The company’s V.A.C. Therapy negative pressure wound therapy (NPWT) reached the clinical evidence milestone of 2,000 published, peer-reviewed studies in October as well, making it the only NPWT solution to achieve this honor. V.A.C. Therapy, according to 3M, accounts for over 75% of published NPWT clinical evidence. Last year, 3M also rolled out the first-ever silicone-acrylic hybrid drape for V.A.C. Therapy—3M Dermatac Drape—which was engineered to be gentle on skin and easy for clinicians to use.
Rounding out October was 3M Oral Care’s introduction of the 3M Filtek matrix, a restorative solution for dental composite placement.
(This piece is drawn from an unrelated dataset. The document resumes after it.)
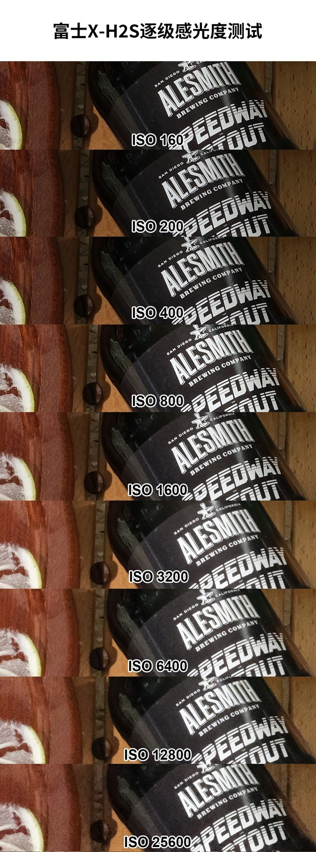 富士X-H2S采用了全新开发的2616万像素APS-C画幅的X-Trans CMOS 5 HS传感器和全新的X-Processor 5影像处理器,提供了感光度范围默认为ISO160-12800,向上可扩展至51200。首先对富士X-H2S这台相机各档感光度画质表现进行测试。拍摄时,我们将机位固定,下图为原图大小,对比使用100%实际截图展示。
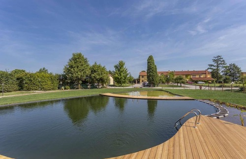 Casale Fattoria se encuentra en el patio de la granja, a unos 80 m del edificio principal de Agriturismo Tenuta Regina, donde se encuentra la recepción, la sala de desayunos, la piscina y el lago bio.

The procedure starts with a digital restoration design, then a patient-specific matrix is made to help transfer digital design to the teeth using 3M dental composites. The Filtek matrix uses additive composite techniques where little to no tooth reduction is needed. According to 3M, dentists reported using the matrix boosted confidence, delivered predictable and aesthetic results, and saved chair time.
November saw the release of 3M HIS’ Ambulatory Potentially Preventable Complications (3M AM-PPCs) software for safety and quality oversight of procedures performed in outpatient settings or ambulatory surgery centers. The software uses sophisticated grouping logic and lets providers and payers identify and analyze complications in outpatient settings by specific procedures, service lines, providers, and facilities. National benchmarks are also included. The data analysis seeks to offer insights into safety areas with the best opportunities for qualities and excess cost improvements.
Finally, around the winter holidays last year, 3M announced its pledge to cease per- and polyfluoroalkyl substance (PFAS) manufacturing and work to discontinue use of PFAS in its products by 2025’s end. The company will discontinue manufacturing all fluoropolymers, fluorinated fluids, and PFAS-based additive products. This move was made to reflect regulatory trends to reduce or eliminate presence of PFAS in the environment, as well as evolving stakeholder expectations. According to 3M, current annual net sales of manufactured PFAS are about $1.3 billion, with estimated EBITDA margins of about 16%.